Background and significance
This section reviews the background to the proposal,
critically evaluating existing knowledge, and
specifically identifying the gaps that the project is
intended to fill. A concise statement of the importance
of the research should identify how the specific aims
relate to the improvement of medical knowledge and health
care delivery. This section is usually about one to three
pages in length.
Preliminary studies
This section summarizes the results from preliminary
studies that are pertinent to the project. It is
important here to demonstrate that the investigator has
the necessary experience and competence to pursue the
project. Usually, copies of papers and abstracts
published by the applicant that are related to the
project are included in an appendix. If there is no
publication record in the field, a good case must be
constructed by the applicant to convince the reviewers
that the project is feasible. Often, this can be
accomplished through collaborations with experienced
investigators. AOA grants limit this section to one page,
while NIH grants recommend a limit of six to eight pages.
Research
design and methods
This section outlines the experimental design and the
procedures to be used for testing the hypotheses of the
project, including the means by which data will be
collected, analyzed, and interpreted. Describe the
advantages of any proposed new methodologies. Discuss any
potential difficulties or limitations of the proposed
procedures, along with alternative approaches that might
be necessary to achieve the desired goals. A tentative
sequence or timetable for the project should be included.
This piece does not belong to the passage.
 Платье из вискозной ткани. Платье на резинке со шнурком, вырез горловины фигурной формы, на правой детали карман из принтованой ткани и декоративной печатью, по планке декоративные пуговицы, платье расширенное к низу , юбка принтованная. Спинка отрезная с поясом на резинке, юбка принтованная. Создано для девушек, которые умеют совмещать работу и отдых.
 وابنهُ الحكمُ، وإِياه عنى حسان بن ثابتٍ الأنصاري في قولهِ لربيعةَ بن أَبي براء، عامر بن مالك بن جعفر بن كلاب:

Finally, identify any procedures, situations, or
materials that might be hazardous to subjects or
personnel and explain appropriate precautions that will
be exercised in the conduct of the project. The length of
this section usually varies from five to fifteen pages.
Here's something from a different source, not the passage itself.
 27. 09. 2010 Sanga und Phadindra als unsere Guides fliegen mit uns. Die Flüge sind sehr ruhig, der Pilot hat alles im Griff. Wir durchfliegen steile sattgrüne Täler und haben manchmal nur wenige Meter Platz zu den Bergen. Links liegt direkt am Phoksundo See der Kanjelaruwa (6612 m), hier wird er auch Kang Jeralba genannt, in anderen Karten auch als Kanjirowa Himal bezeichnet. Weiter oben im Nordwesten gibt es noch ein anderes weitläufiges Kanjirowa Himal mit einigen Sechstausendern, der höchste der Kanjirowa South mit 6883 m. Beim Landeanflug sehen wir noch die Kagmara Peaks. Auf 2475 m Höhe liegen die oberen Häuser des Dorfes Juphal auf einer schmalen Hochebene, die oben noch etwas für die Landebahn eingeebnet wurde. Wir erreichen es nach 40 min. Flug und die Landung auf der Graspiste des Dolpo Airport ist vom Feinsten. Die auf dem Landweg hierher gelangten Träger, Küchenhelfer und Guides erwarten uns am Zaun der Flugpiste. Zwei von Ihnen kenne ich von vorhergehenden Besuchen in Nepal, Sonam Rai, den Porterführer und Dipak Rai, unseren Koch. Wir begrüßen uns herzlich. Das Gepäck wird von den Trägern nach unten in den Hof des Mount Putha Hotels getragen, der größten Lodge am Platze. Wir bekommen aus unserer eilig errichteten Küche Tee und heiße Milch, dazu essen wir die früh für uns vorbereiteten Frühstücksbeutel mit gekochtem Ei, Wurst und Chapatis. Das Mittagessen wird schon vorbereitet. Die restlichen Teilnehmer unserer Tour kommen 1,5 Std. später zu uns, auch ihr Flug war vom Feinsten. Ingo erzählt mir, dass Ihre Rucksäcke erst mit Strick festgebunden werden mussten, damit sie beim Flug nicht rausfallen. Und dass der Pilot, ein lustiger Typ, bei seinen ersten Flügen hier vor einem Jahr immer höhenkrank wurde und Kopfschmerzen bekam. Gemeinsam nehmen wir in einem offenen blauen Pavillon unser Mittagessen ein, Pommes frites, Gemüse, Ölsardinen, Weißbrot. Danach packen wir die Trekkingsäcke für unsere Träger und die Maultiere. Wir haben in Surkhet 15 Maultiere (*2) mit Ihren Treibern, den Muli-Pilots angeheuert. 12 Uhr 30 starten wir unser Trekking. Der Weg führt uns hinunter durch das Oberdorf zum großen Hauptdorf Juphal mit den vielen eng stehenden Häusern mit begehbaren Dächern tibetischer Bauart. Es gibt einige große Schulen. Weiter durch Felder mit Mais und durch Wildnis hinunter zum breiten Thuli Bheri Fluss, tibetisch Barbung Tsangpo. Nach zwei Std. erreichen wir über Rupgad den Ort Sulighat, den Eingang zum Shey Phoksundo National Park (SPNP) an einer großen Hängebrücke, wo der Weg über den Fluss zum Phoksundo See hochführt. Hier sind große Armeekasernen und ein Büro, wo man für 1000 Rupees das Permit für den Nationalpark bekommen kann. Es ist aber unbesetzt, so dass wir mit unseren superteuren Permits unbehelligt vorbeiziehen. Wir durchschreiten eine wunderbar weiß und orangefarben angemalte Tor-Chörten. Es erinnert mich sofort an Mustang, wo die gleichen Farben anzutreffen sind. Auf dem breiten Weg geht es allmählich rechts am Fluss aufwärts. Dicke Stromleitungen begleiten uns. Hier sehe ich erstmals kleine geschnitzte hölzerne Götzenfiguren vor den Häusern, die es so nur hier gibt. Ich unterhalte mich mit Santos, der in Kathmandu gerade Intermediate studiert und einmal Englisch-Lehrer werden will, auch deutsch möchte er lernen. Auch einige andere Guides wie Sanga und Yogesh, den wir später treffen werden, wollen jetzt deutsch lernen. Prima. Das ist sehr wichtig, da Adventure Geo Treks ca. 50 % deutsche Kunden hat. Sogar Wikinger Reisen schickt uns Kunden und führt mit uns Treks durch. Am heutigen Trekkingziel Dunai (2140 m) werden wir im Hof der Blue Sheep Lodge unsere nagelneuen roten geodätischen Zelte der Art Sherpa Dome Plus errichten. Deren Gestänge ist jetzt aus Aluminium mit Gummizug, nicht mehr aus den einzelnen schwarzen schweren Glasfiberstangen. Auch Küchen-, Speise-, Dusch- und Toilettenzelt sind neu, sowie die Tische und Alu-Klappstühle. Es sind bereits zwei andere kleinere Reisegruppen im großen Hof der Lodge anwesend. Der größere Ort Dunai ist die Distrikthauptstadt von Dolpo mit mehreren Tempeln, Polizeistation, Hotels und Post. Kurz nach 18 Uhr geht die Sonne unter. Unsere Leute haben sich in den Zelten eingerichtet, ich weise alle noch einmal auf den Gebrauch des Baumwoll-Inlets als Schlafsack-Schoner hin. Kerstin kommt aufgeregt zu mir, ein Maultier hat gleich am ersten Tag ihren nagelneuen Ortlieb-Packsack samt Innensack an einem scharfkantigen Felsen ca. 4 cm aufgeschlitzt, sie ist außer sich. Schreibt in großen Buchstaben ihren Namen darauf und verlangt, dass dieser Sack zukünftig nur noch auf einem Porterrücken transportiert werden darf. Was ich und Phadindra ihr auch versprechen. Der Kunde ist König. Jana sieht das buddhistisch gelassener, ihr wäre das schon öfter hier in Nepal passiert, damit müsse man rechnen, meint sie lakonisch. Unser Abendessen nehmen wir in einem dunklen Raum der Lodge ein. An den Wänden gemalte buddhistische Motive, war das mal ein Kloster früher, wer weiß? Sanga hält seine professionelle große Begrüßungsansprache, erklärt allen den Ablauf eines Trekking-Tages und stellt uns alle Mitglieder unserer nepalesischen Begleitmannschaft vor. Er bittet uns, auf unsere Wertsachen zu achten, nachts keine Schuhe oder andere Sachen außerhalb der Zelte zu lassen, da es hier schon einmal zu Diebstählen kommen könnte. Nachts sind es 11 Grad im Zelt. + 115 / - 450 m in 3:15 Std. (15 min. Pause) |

Human subjects and vertebrate animals
Projects involving humans and/or animals usually require
specific data and justification regarding protocols and
risk factors. Ohio Universitys Institutional
Review Board (IRB) must approve all projects
involving human subjects (see section 5.6). In addition,
protocols in projects involving the use of vertebrate
animals (refer to OU policy #19.049) must be approved by
the Institutional Animal Care and Use Committee (593-0372
or 593-2857).
Hazardous materials
The use of hazardous materials in a research project must
be identified when the proposal is submitted. Hazardous
materials are regulated by the Department of
Environmental and Health Safety (EHS)at Ohio University
(593-1663). The use of radioactive materials requires the
approval of the Radiation Safety Committee at EHS
(593-1667). The use of biohazardous materials requires
the approval of the Institutional Biosafety Committee at
EHS (593-1662).
Literature cited (bibliography)
Finally, a list of relevant and current (not necessarily
exhaustive) literature citations must be included. Each
citation usually includes the title, names of all
authors, book or journal, volume number, page numbers,
and year of publication. It is important to follow the
instructions regarding citations to the letter!